We urge you to vote to enlarge and enhance the ProLung Board.
About Steven C. Eror
Mr. Eror has 26 years of executive experience in medical device, drug development, drug delivery, molecular modeling, artificial intelligence, biopharmaceuticals, diagnostics, information technology and manufacturing in public, private and emerging companies. He is ProLung’s founder, and became Chief Executive Officer, President and Director of ProLung, Inc. in February 2005.
Steven C. Eror
CERTAIN INFORMATION CONCERNING THE PARTICIPANTS
Steven C. Eror, together with the other participants named herein, has filed a definitive consent statement and an accompanying WHITE consent card with the Securities and Exchange Commission (“SEC”) to solicit proxies and consents for the amendment of the Bylaws and the election of a slate of eight (8) director nominees to the Board.

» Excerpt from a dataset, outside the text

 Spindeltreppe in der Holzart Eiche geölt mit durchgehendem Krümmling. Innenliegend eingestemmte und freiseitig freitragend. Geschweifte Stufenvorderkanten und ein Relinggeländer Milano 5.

WE STRONGLY ADVISE ALL STOCKHOLDERS OF THE COMPANY TO READ THE DEFINITIVE CONSENT SOLICITATION STATEMENT AND ANY OTHER SOLICITATION MATERIALS AS THEY BECOME AVAILABLE BECAUSE THEY WILL CONTAIN IMPORTANT INFORMATION. SUCH CONSENT STATEMENT IS AVAILABLE AT NO CHARGE ON THE SEC’S WEBSITE AT HTTP://WWW.SEC.GOV. IN ADDITION, THE PARTICIPANTS IN THE SOLICITATION WILL PROVIDE COPIES OF THE CONSENT STATEMENT WITHOUT CHARGE UPON REQUEST.

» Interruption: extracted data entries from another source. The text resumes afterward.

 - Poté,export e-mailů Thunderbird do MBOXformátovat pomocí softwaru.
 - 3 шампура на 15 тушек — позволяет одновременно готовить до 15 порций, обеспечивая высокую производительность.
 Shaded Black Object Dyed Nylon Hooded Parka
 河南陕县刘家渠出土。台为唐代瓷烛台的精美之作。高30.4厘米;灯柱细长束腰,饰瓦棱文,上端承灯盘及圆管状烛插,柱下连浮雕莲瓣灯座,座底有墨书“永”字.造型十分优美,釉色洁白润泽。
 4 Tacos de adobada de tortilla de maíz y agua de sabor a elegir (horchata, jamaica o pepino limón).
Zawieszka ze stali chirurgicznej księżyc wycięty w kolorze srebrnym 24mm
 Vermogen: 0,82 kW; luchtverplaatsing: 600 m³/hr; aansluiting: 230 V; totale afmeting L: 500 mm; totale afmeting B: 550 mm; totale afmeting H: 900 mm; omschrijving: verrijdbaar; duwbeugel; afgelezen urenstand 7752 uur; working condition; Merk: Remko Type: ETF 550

The participants in the solicitation are Michael Christiansen, Ron Dunford, Steven Eror, Brian Loveridge, Todd Morgan, Don Patterson, Richard Serbin and Eric Sokol (collectively, the “Participants”).

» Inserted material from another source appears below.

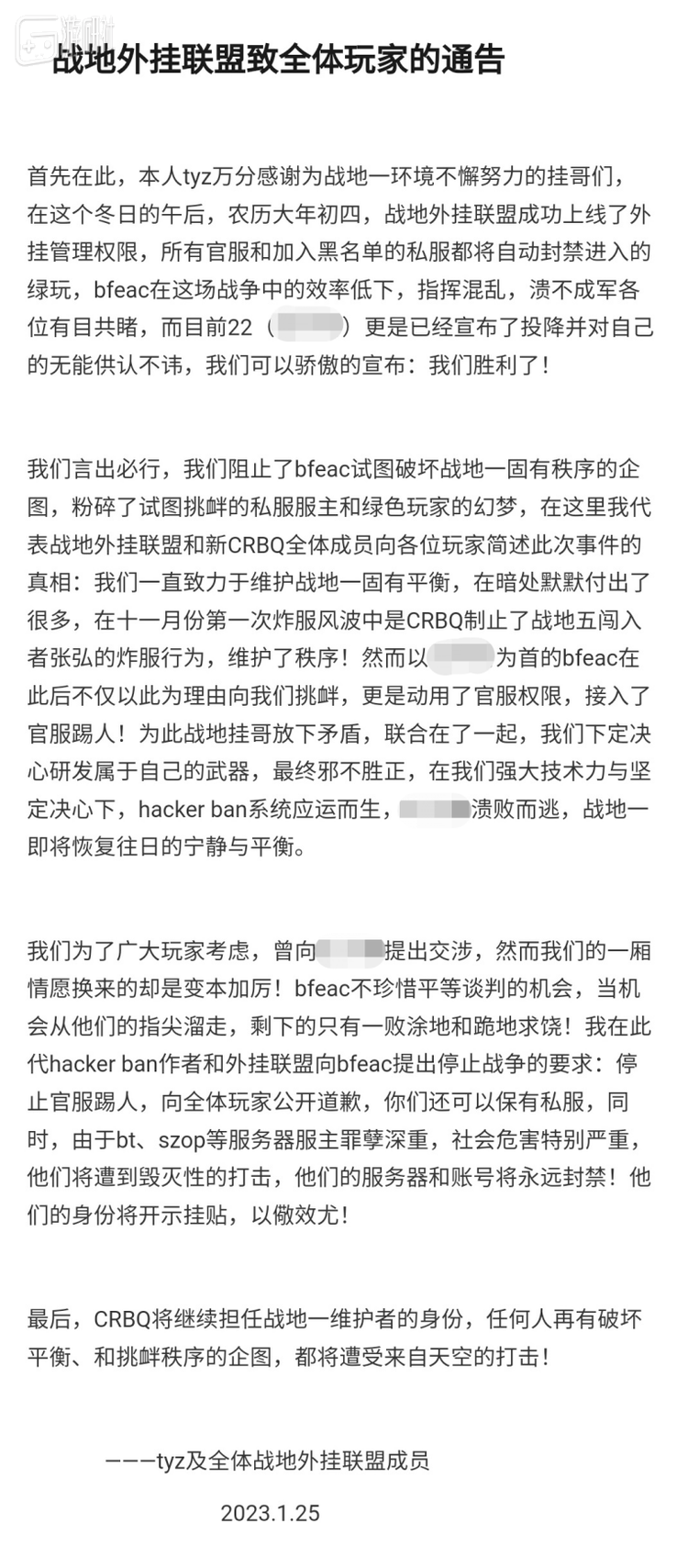 1月25日下午,CRBQ某成员发布了“战地外挂联盟致全体玩家的通告”,声称“成功上线了外挂管理权限”,“22宣布投降”,单方面宣布胜利;同时责令BFEAC“停止官服踢人,向全体玩家公开道歉”,这样“还可以保有私服”。

Information regarding the Participants, including their direct or indirect interests in the Company, by security holdings or otherwise, is contained in the Schedule 13D, as may be amended from time to time (the “Schedule 13D”), filed by Mr. Eror with the Securities and Exchange Commission (the “SEC”). The Schedule 13D is available at no charge on the SEC’s website at http://www.sec.gov. As of the date hereof, the Participants collectively beneficially own an aggregate of 644,252 shares of common stock of the Company, $0.001 par value per share (the “Common Stock”), consisting of (i) 87,125 shares of Common Stock directly beneficially owned by Steven C. Eror, (ii) 8,900 shares of Common Stock directly beneficially owned by Brian Loveridge, (iii) 172,188 shares of Common Stock beneficially owned by Todd Morgan, including (a) 32,500 shares of Common Stock held by an irrevocable trust of which Mr. Morgan is the trustee, (b) 33,750 shares of Common Stock held by a trust of which Mr. Morgan is the manager, (c) 3,750 shares of Common Stock held by a trust of which Mr. Morgan is the manager, (d) 50,000 shares of Common Stock held by a trust of which Mr. Morgan is the manager, and (e) 25,000 shares of Common Stock held by a trust of which Mr. Morgan is the manager, (iv) 58,735 shares of Common Stock directly beneficially owned by Don Patterson (v) 277,621 shares of Common Stock directly beneficially owned by Eric Sokol and (iv) 39,683 shares of Common Stock directly beneficially owned by Ron Dunford. As of the date hereof, none of Messrs. Christiansen or Serbin beneficially own any shares of Common Stock.
WARNING REGARDING FORWARD LOOKING STATEMENTS
THIS PRESS RELEASE CONTAINS FORWARD LOOKING STATEMENTS. FORWARD LOOKING STATEMENTS CAN BE IDENTIFIED BY USE OF WORDS SUCH AS "OUTLOOK", "BELIEVE", "INTEND", "EXPECT", "POTENTIAL", "WILL", "MAY", "SHOULD", "ESTIMATE", "ANTICIPATE", AND DERIVATIVES OR NEGATIVES OF SUCH WORDS OR SIMILAR WORDS. FORWARD LOOKING STATEMENTS IN THIS PRESS RELEASE ARE BASED UPON PRESENT BELIEFS OR EXPECTATIONS. HOWEVER, FORWARD LOOKING STATEMENTS AND THEIR IMPLICATIONS ARE NOT GUARANTEED TO OCCUR AND MAY NOT OCCUR AS A RESULT OF VARIOUS RISKS, REASONS AND UNCERTAINTIES. EXCEPT AS REQUIRED BY LAW, MR. EROR AND THE PARTICIPANTS UNDERTAKE NO OBLIGATION TO UPDATE ANY FORWARD LOOKING STATEMENT, WHETHER AS A RESULT OF NEW INFORMATION, FUTURE DEVELOPMENTS OR OTHERWISE.